:: DATASET

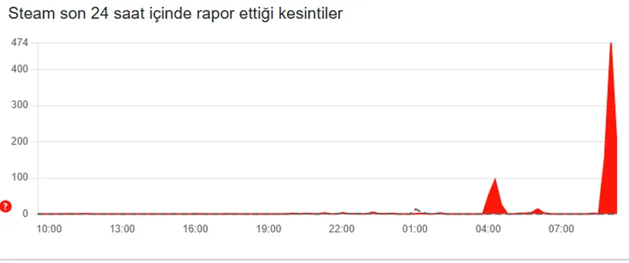 Downdetector verilerine göre Steam sunucularında saat 08.32 itibarıyla yoğun hata raporları gelmeye başladı. Kullanıcıların büyük bölümü, oturum açma ve mağaza sayfasına erişim konusunda sıkıntı yaşadıklarını ifade ediyor. Platformun resmi web sitesinde görünür bir kesinti bilgisi yer almazken, Steam yetkilileri tarafından henüz resmi bir açıklama yapılmadı.
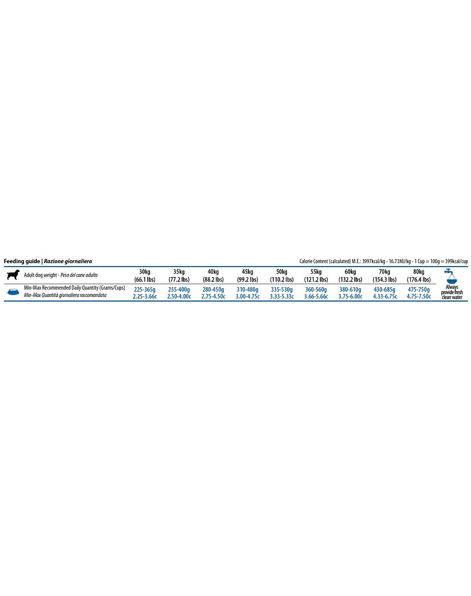 Ruw eiwit 30,00%, Ruw vet 18,00%, Ruwe vezels 2,90%, Vocht 9,00%, Ruwe as 6,80%, Calcium 0,90%, Fosfor 0,80%, Omega-6 3,30%, Omega-3 0,90%, DHA 0,50%, EPA 0,30%, Glucosamine 1200mg/kg, Chondroitinesulfaat 900mg/kg.
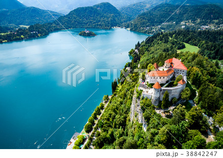 Aerial view of Bled Castle overlooking Lake Bled in Slovenia, Europe
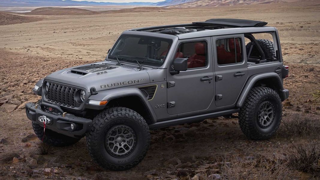 Este Wrangler Rubicon monta un motor V8 que rinde 392 CV. Lleva un escape doble, una toma de aire en el centro del capó, medias puertas hechas a medida y una capota eléctrica plegable con paneles laterales removibles.
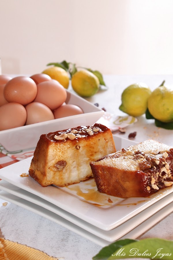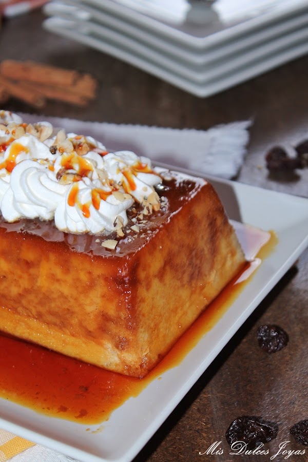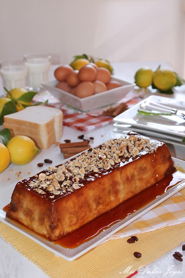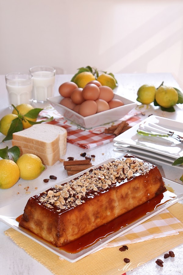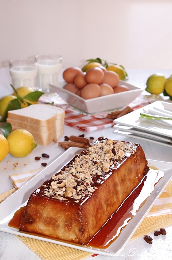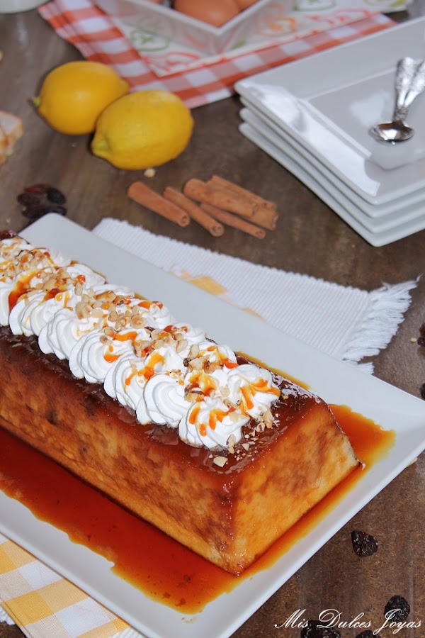 El pan es la base de este postre, pero su aglutinante es el huevo. Su textura es muy parecida al flan de huevo, pero un poco más firme. Se puede aromatizar con vainilla, ralladura de naranja, ó limón y canela en este caso. Yo le añado también Ron, que para mí sin el Ron este postre no tiene la misma gracia, así que bajo mi punto de vista, este es otro ingrediente imprescindible en la receta. En vez de uvas pasas, podemos añadir ciruelas pasas o dátiles, e incluso se le pueden añadir trocitos de manzana, de pera o frutos secos (nueces, pistachos o avellanas). Ya veis lo versátil que puede ser un postre tan sencillo y económico.
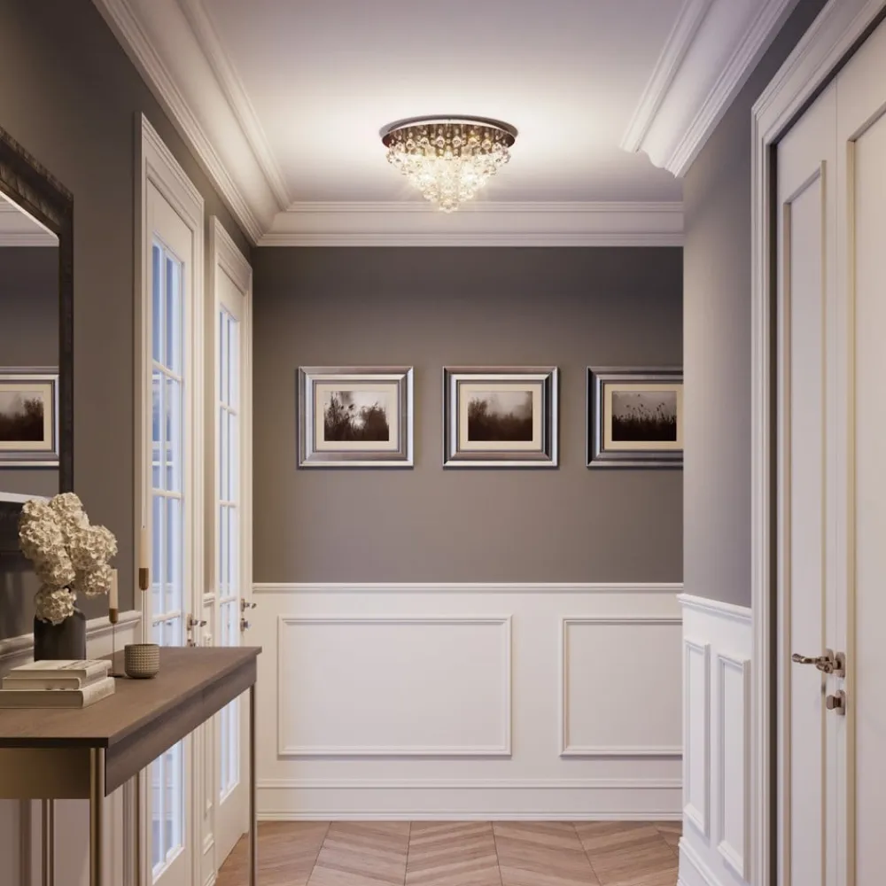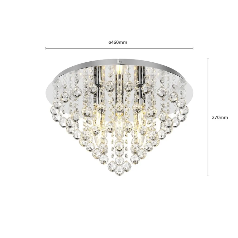 Annica loftlampe med forkromet loftplade og glitrende akrylpendel Annica bringer en særlig glamour til moderne boligområder, da akrylelementerne er smukt polerede og derfor har utallige klare kanter til at reflektere lyset. Dette skaber et fortryllende glitter, når loftlampen er tændt, som normalt opfattes som noget meget glamourøst i hele rummet og desuden reflekteres af den forkromede overflade.
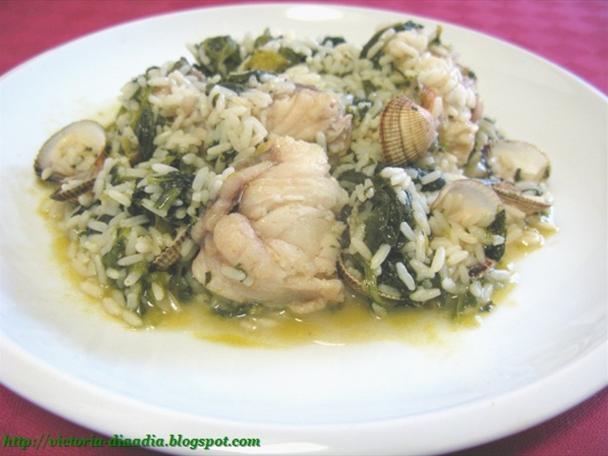 Arroz caldoso con rape, grelos y berberechos PlatoMedio50 min Enviar esta receta a un amigo Imprimir esta página Preguntar al autor Publicar la foto de esta receta Ingredientes 2 1 rape 1 manojo de grelos 1 puñado de berberechos 350 g de arroz 1 cebolla pequeña aceite, sal, nuez moscada y pimienta blanca recien molida.
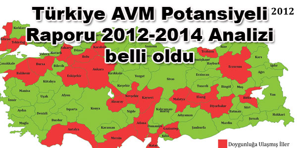2014 senesine kadar geliştirilmekte olan projeler dikkate alındığında İzmir’in ve Kocaeli’nin bugün ihtiyaç olmasına rağmen 2014’de doygunluğa ulaşacağı, Muğla’nın ise her iki dönemde de ihtiyaç duyduğu; Gaziantep, Eskişehir, Tekirdağ, Antalya, Mersin, Adana, Ankara gibi illerimizin ise 2012’de doygun olduğu ve 2014’de de halen doygun kalacağı tespit edilmiştir. 2014 senesinde toplam 35 şehrin doygun olması beklenmektedir. Bu analizlerde 2014 senesine kadar planlanan ve projelendirildiği açıklanan AVM projeleri dikkate alınmıştır. Kayıp AVM alanı olmayacağı düşünülmüştür.
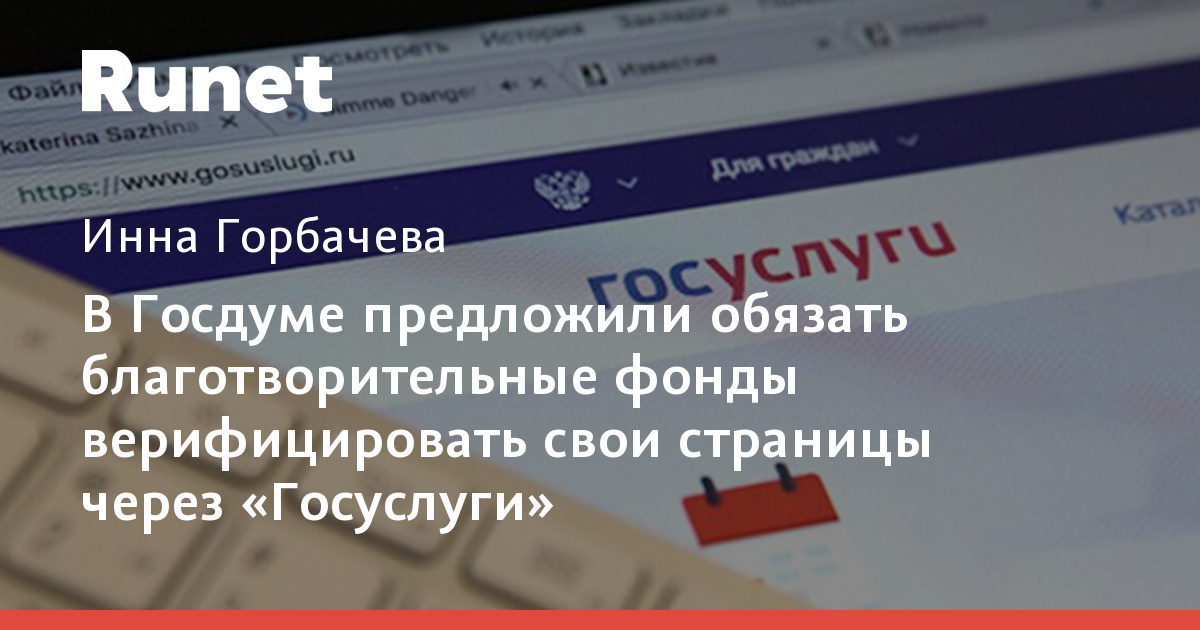 В Госдуме предложили обязать благотворительные фонды верифицировать свои страницы через «Госуслуги»
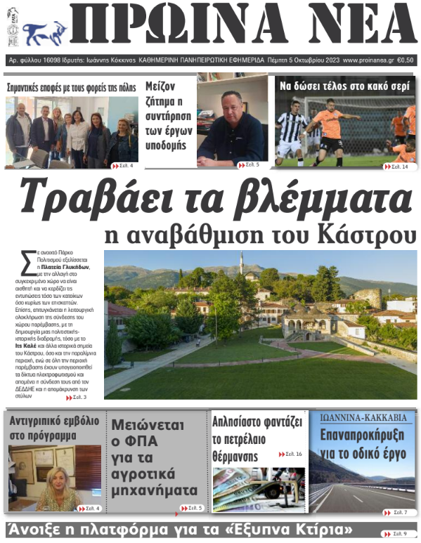 Διαβάστε στα πρωτοσέλιδα των γιαννιώτικων εφημερίδων της Πέμπτης 5 Οκτωβρίου
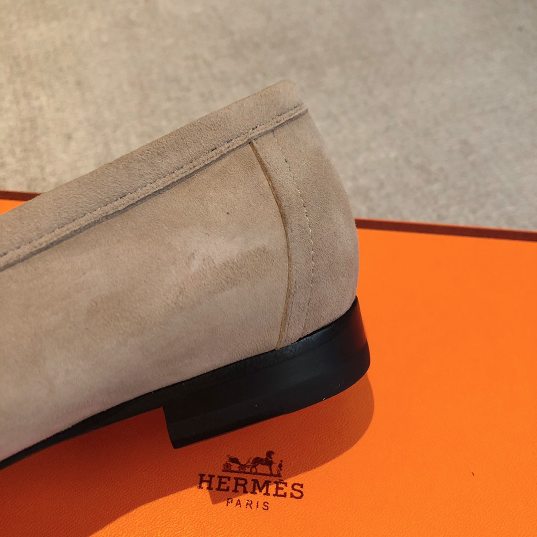 Royal Loafer Beige Suede Calfskin With Fringe Detail And Silver Signature Buckle 509436
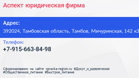 Аспект, юридическая фирма по адресу 392024, Тамбовская область, Тамбов, Мичуринская, 142 к3 в дальнейшем Организация, размещена в следующих категориях:
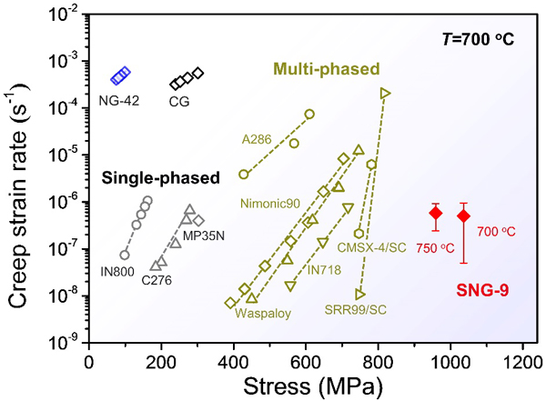 圖2.具有弛豫晶界的納米晶MP35N合金的蠕變性能,及其與其它牌號高溫合金性能對比
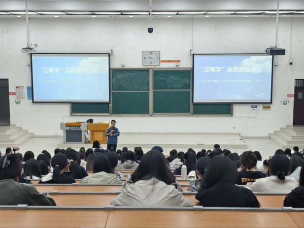为保障“三笔字”校级比赛顺利开展,切实做好赛事各项服务保障工作,4月22日晚,学院于文昌楼102室举办“三笔字”校赛志愿者专项培训会,学院团委副书记王鸿飞,学院研究生、本科生共计三百余人积极参会。
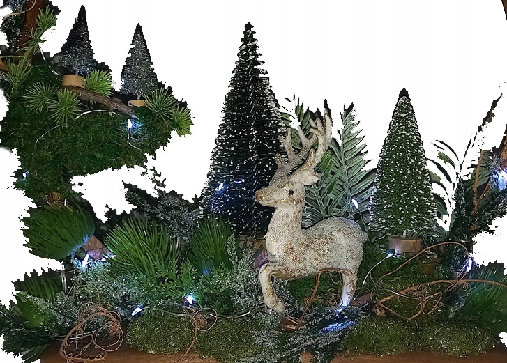 См. Презентацию красивой рождественской рождественской композиции, сделанной в руках. В современных цветах зелени с добавлением натуральной древесины, все освещенные светодиодными лампами, что познакомит нас с сказочной атмосферой Рождества. Натуральные материалы и идеально подходящие цвета создают уникальный головной убор, который идеально сочетается в комнатах, создаст уникальное настроение и принесет небольшую атмосферу зачарованного Рождества. Головной убор станет отличным украшением рождественского стола, комодом, подоконником или камином.
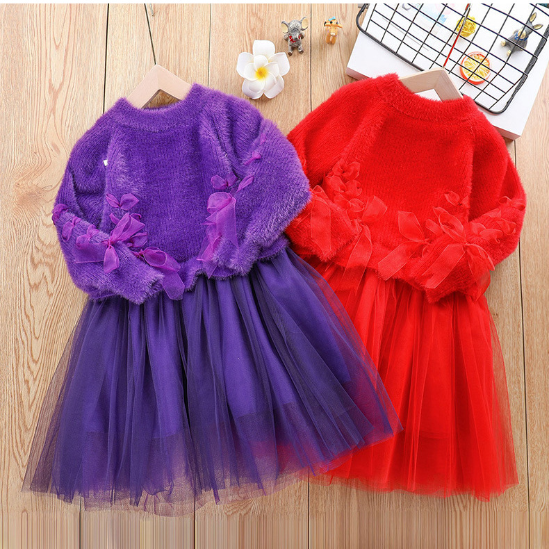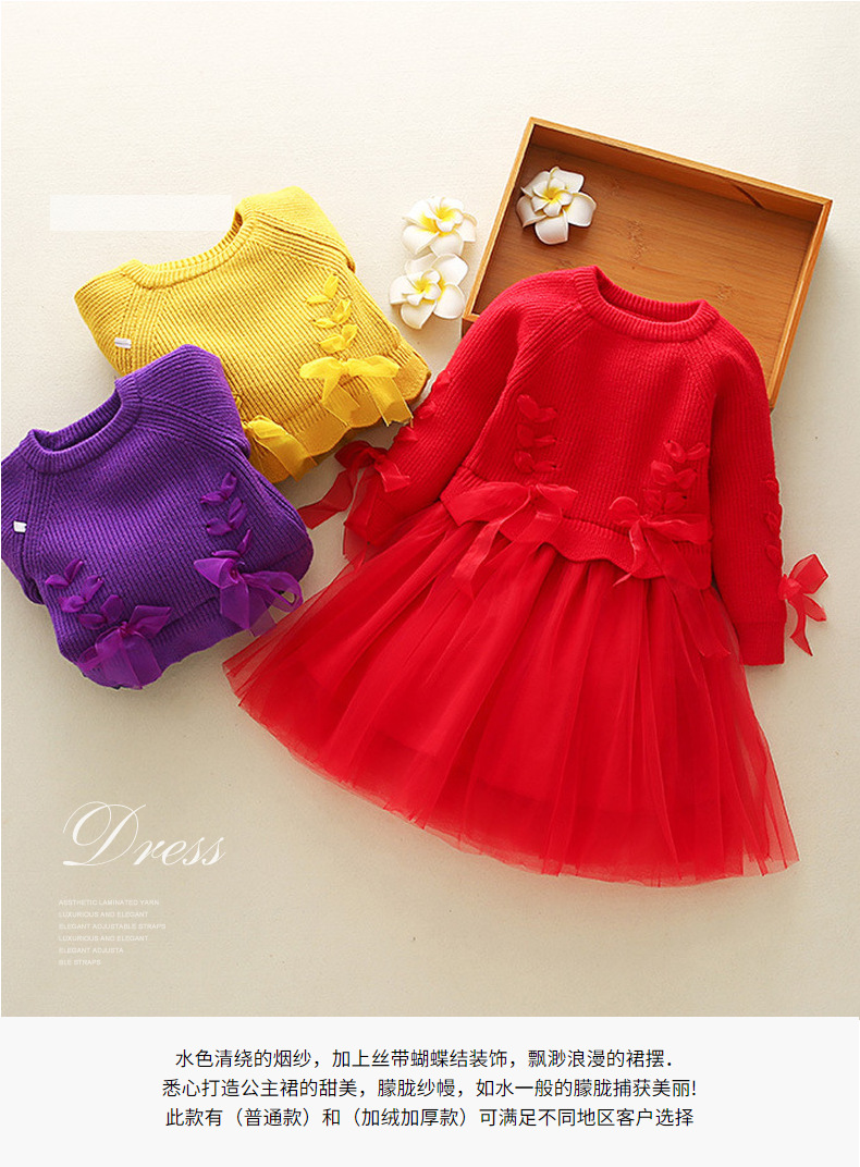 2024 가을 겨울 아동복 도매 여아 스웨터 드레스 리본 공주 드레스 아동 드레스 유아 드레스
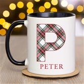 Classic Holiday Plaid Personalized Christmas Coffee Mug 11 oz.- Black
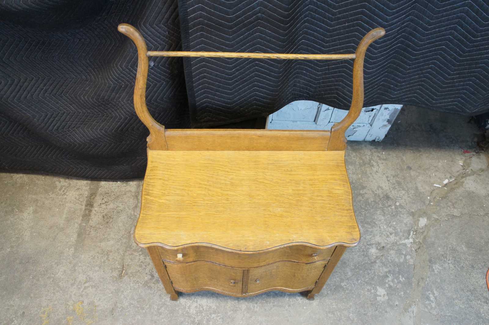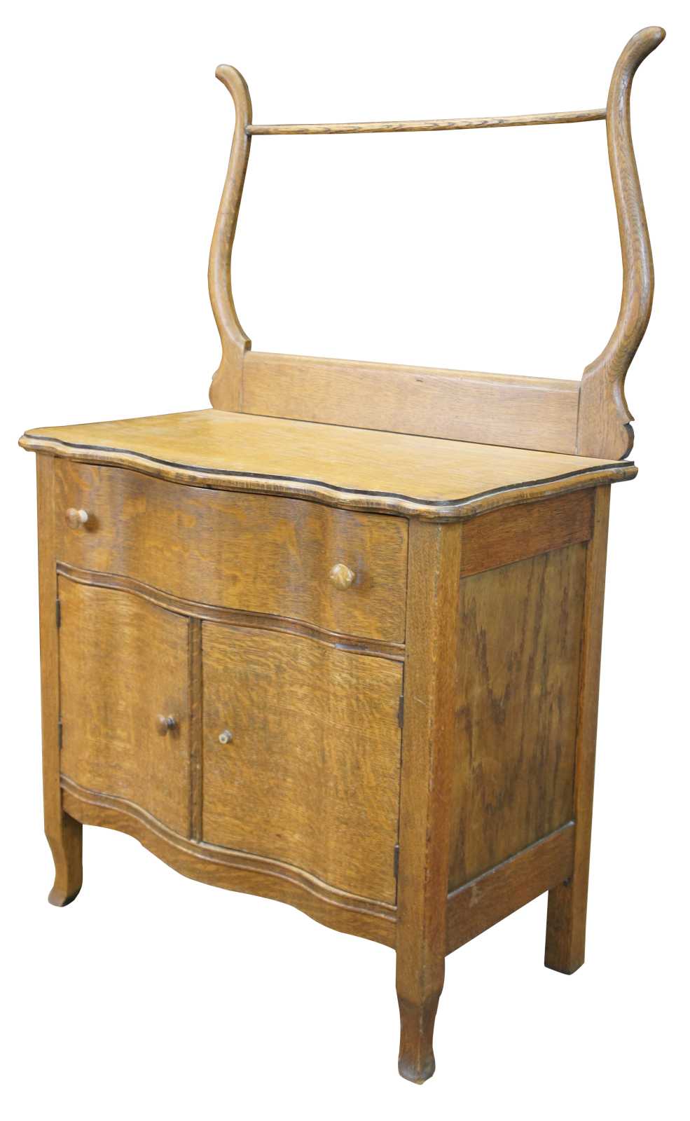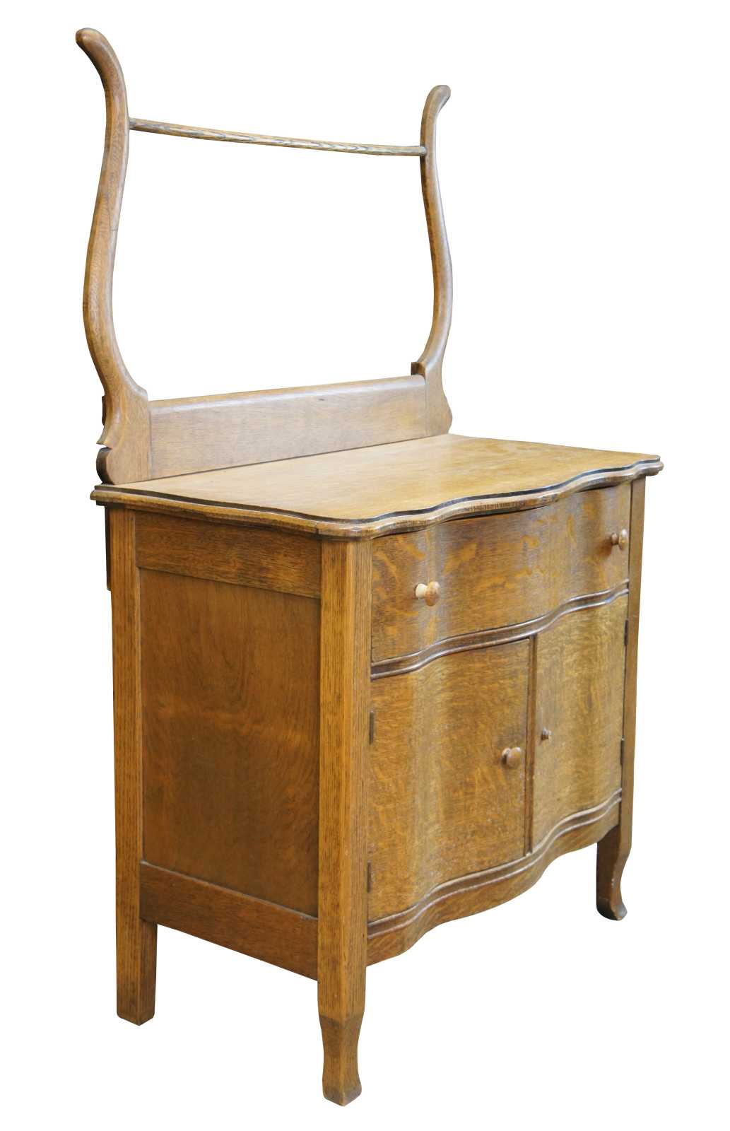 Antique early American wash stand, dry sink or commode. Made of quartersawn oak featuring serpentine form with lower cabinet, one drawer and upper towel bar.
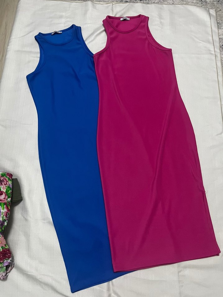 Bu kolsuz, vücuda oturan kalem elbiseler canlı mavi ve pembe renklerde. Askısız yakaya ve uzun boyuta sahip, yumuşak sentetik kumaştan üretilmiştir, günlük sokak stili için uygundur. İkisi 350 Teki 200

::::

- [WHAT IS REQUIRED] Without including any pictures, repeat the records above exactly.

- [TASK ANSWER]
 Downdetector verilerine göre Steam sunucularında saat 08.32 itibarıyla yoğun hata raporları gelmeye başladı. Kullanıcıların büyük bölümü, oturum açma ve mağaza sayfasına erişim konusunda sıkıntı yaşadıklarını ifade ediyor. Platformun resmi web sitesinde görünür bir kesinti bilgisi yer almazken, Steam yetkilileri tarafından henüz resmi bir açıklama yapılmadı.
 Ruw eiwit 30,00%, Ruw vet 18,00%, Ruwe vezels 2,90%, Vocht 9,00%, Ruwe as 6,80%, Calcium 0,90%, Fosfor 0,80%, Omega-6 3,30%, Omega-3 0,90%, DHA 0,50%, EPA 0,30%, Glucosamine 1200mg/kg, Chondroitinesulfaat 900mg/kg.
 Aerial view of Bled Castle overlooking Lake Bled in Slovenia, Europe
 Este Wrangler Rubicon monta un motor V8 que rinde 392 CV. Lleva un escape doble, una toma de aire en el centro del capó, medias puertas hechas a medida y una capota eléctrica plegable con paneles laterales removibles.
 El pan es la base de este postre, pero su aglutinante es el huevo. Su textura es muy parecida al flan de huevo, pero un poco más firme. Se puede aromatizar con vainilla, ralladura de naranja, ó limón y canela en este caso. Yo le añado también Ron, que para mí sin el Ron este postre no tiene la misma gracia, así que bajo mi punto de vista, este es otro ingrediente imprescindible en la receta. En vez de uvas pasas, podemos añadir ciruelas pasas o dátiles, e incluso se le pueden añadir trocitos de manzana, de pera o frutos secos (nueces, pistachos o avellanas). Ya veis lo versátil que puede ser un postre tan sencillo y económico.
 Annica loftlampe med forkromet loftplade og glitrende akrylpendel Annica bringer en særlig glamour til moderne boligområder, da akrylelementerne er smukt polerede og derfor har utallige klare kanter til at reflektere lyset. Dette skaber et fortryllende glitter, når loftlampen er tændt, som normalt opfattes som noget meget glamourøst i hele rummet og desuden reflekteres af den forkromede overflade.
 Arroz caldoso con rape, grelos y berberechos PlatoMedio50 min Enviar esta receta a un amigo Imprimir esta página Preguntar al autor Publicar la foto de esta receta Ingredientes 2 1 rape 1 manojo de grelos 1 puñado de berberechos 350 g de arroz 1 cebolla pequeña aceite, sal, nuez moscada y pimienta blanca recien molida.
2014 senesine kadar geliştirilmekte olan projeler dikkate alındığında İzmir’in ve Kocaeli’nin bugün ihtiyaç olmasına rağmen 2014’de doygunluğa ulaşacağı, Muğla’nın ise her iki dönemde de ihtiyaç duyduğu; Gaziantep, Eskişehir, Tekirdağ, Antalya, Mersin, Adana, Ankara gibi illerimizin ise 2012’de doygun olduğu ve 2014’de de halen doygun kalacağı tespit edilmiştir. 2014 senesinde toplam 35 şehrin doygun olması beklenmektedir. Bu analizlerde 2014 senesine kadar planlanan ve projelendirildiği açıklanan AVM projeleri dikkate alınmıştır. Kayıp AVM alanı olmayacağı düşünülmüştür.
 В Госдуме предложили обязать благотворительные фонды верифицировать свои страницы через «Госуслуги»
 Διαβάστε στα πρωτοσέλιδα των γιαννιώτικων εφημερίδων της Πέμπτης 5 Οκτωβρίου
 Royal Loafer Beige Suede Calfskin With Fringe Detail And Silver Signature Buckle 509436
 Аспект, юридическая фирма по адресу 392024, Тамбовская область, Тамбов, Мичуринская, 142 к3 в дальнейшем Организация, размещена в следующих категориях:
 圖2.具有弛豫晶界的納米晶MP35N合金的蠕變性能,及其與其它牌號高溫合金性能對比
为保障“三笔字”校级比赛顺利开展,切实做好赛事各项服务保障工作,4月22日晚,学院于文昌楼102室举办“三笔字”校赛志愿者专项培训会,学院团委副书记王鸿飞,学院研究生、本科生共计三百余人积极参会。
 См. Презентацию красивой рождественской рождественской композиции, сделанной в руках. В современных цветах зелени с добавлением натуральной древесины, все освещенные светодиодными лампами, что познакомит нас с сказочной атмосферой Рождества. Натуральные материалы и идеально подходящие цвета создают уникальный головной убор, который идеально сочетается в комнатах, создаст уникальное настроение и принесет небольшую атмосферу зачарованного Рождества. Головной убор станет отличным украшением рождественского стола, комодом, подоконником или камином.
 2024 가을 겨울 아동복 도매 여아 스웨터 드레스 리본 공주 드레스 아동 드레스 유아 드레스
 Classic Holiday Plaid Personalized Christmas Coffee Mug 11 oz.- Black
 Antique early American wash stand, dry sink or commode. Made of quartersawn oak featuring serpentine form with lower cabinet, one drawer and upper towel bar.
 Bu kolsuz, vücuda oturan kalem elbiseler canlı mavi ve pembe renklerde. Askısız yakaya ve uzun boyuta sahip, yumuşak sentetik kumaştan üretilmiştir, günlük sokak stili için uygundur. İkisi 350 Teki 200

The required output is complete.